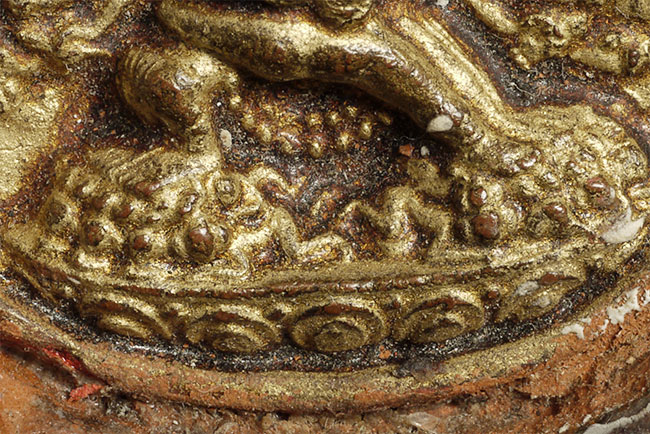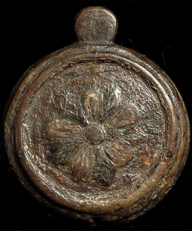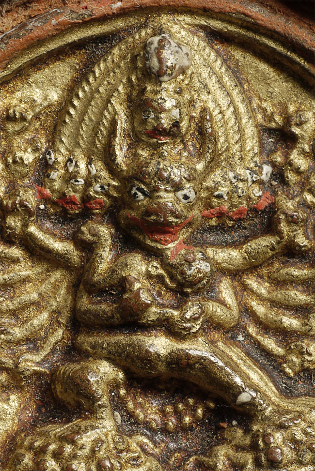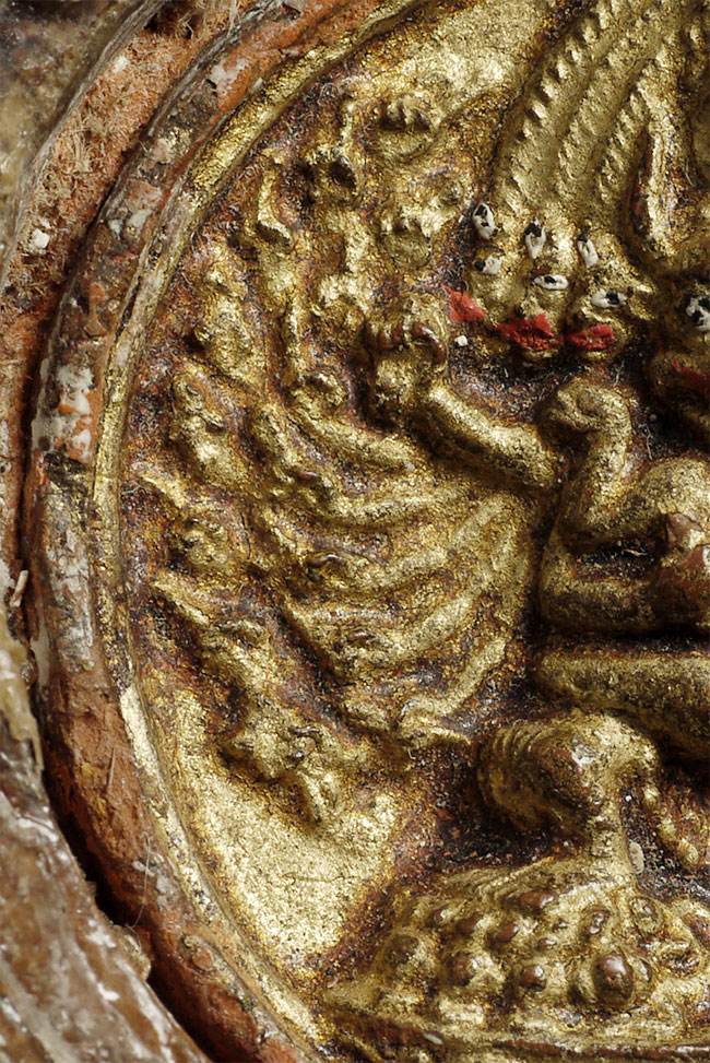 The diameter of this fierce antique Tibetan deity is just 1.5". Total diameter is just over 2". Amazing detail! Tsa tsa is clay, frame is wood.
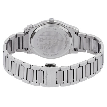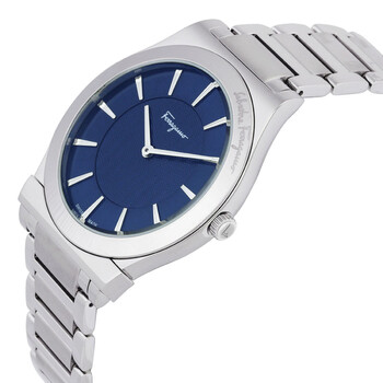 Silver-tone stainless steel case and bracelet. Fixed silver-tone stainless steel bezel. Blue dial with silver-tone hands and index hour markers. Dial Type: Analog. Quartz movement. Scratch resistant sapphire crystal. Round case shape, case size: 41 mm, case thickness: 6.9 mm. Fold over clasp with a safety release. Water resistant at 30 meters / 100 feet. Functions: hour, minute. Ferragamo 1898 Slim Series. Luxury watch style. Watch label: Swiss Made. Salvatore Ferragamo Ferragamo 1898 Slim Quartz Blue Dial Men's Watch SFPE00719.
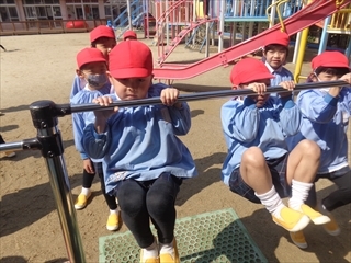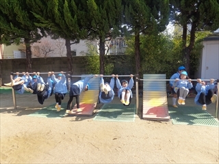 終ってからそのまま外遊びへ!鉄棒に挑戦!!
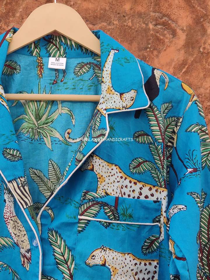 ชุดนอนพิมพ์ลายเสืออินเดีย,ชุดนอนผ้าฝ้าย100% อินทรีย์ชุดกลางคืนชุดนอนขายส่ง
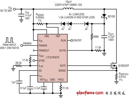 如图 4 所示,大功率 LED 驱动器 LTC3783 採用升降压架构,驱动用于汽车尾灯应用之6至10颗3W红光 LED。外部开关 MOSFET 和开关电流感测电阻为大功率和高压 LED 驱动器设计提供了最大的设计弹性。如果电池电压降至低于 9V,则9V 至 36V 输入和在电流为 1.5A 时,高达25V的LED 串联输出便需要100V的额定开关电压,以及高于 8A 的峰值开关电流能力。在整个汽车电池电压范围内,1.5A 恒定电池电流是良好稳定的,就刹车灯和尾灯调光而言,在 100Hz 时,可以透过直接连接到 LTC3783 PWM接脚的 PWM 信号降低 LED 电流,以实现高达 200:1 的调光比。在 1kHz 时,调光比降低至 20:1,这对尾灯应用来说已足够了。调节 ILIM 接脚也可降低 LED 电流。
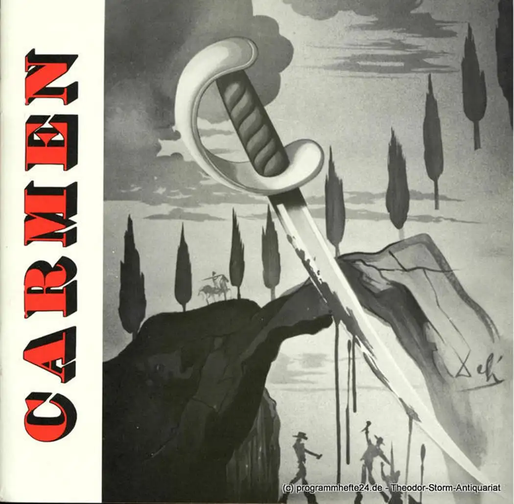 Musik von Georges Bizet. Musikalische Leitung: Bernhard Lang. Inszenierung: Günter Roth, Abendspielleitung: Tania Collette. Bühnenbild und Kostüme: Ottowerner Meyer. Mitwirkende: Anton de Ridder, Klaus-Michael Reeh, Hubert Weindel, Leonard Delany, Rolf Becker, Helmut Guhl, Renate Behle, u.a. - Schlüsselwörter: Theaterprogramm, Opernprogramm, Ballettprogramm, Musicalprogramm, Konzertprogramm, Theatermemorabilia, Programmhefte Sammlung, deutsche Theatergeschichte.

= = = = =

Task directions> Exactly the lines from the one with "終ってからそのまま外遊びへ!鉄棒に挑戦!!" through the end of the listing above are to be repeated, with no pictures.

Written response>
 終ってからそのまま外遊びへ!鉄棒に挑戦!!
 ชุดนอนพิมพ์ลายเสืออินเดีย,ชุดนอนผ้าฝ้าย100% อินทรีย์ชุดกลางคืนชุดนอนขายส่ง
 如图 4 所示,大功率 LED 驱动器 LTC3783 採用升降压架构,驱动用于汽车尾灯应用之6至10颗3W红光 LED。外部开关 MOSFET 和开关电流感测电阻为大功率和高压 LED 驱动器设计提供了最大的设计弹性。如果电池电压降至低于 9V,则9V 至 36V 输入和在电流为 1.5A 时,高达25V的LED 串联输出便需要100V的额定开关电压,以及高于 8A 的峰值开关电流能力。在整个汽车电池电压范围内,1.5A 恒定电池电流是良好稳定的,就刹车灯和尾灯调光而言,在 100Hz 时,可以透过直接连接到 LTC3783 PWM接脚的 PWM 信号降低 LED 电流,以实现高达 200:1 的调光比。在 1kHz 时,调光比降低至 20:1,这对尾灯应用来说已足够了。调节 ILIM 接脚也可降低 LED 电流。
 Musik von Georges Bizet. Musikalische Leitung: Bernhard Lang. Inszenierung: Günter Roth, Abendspielleitung: Tania Collette. Bühnenbild und Kostüme: Ottowerner Meyer. Mitwirkende: Anton de Ridder, Klaus-Michael Reeh, Hubert Weindel, Leonard Delany, Rolf Becker, Helmut Guhl, Renate Behle, u.a. - Schlüsselwörter: Theaterprogramm, Opernprogramm, Ballettprogramm, Musicalprogramm, Konzertprogramm, Theatermemorabilia, Programmhefte Sammlung, deutsche Theatergeschichte.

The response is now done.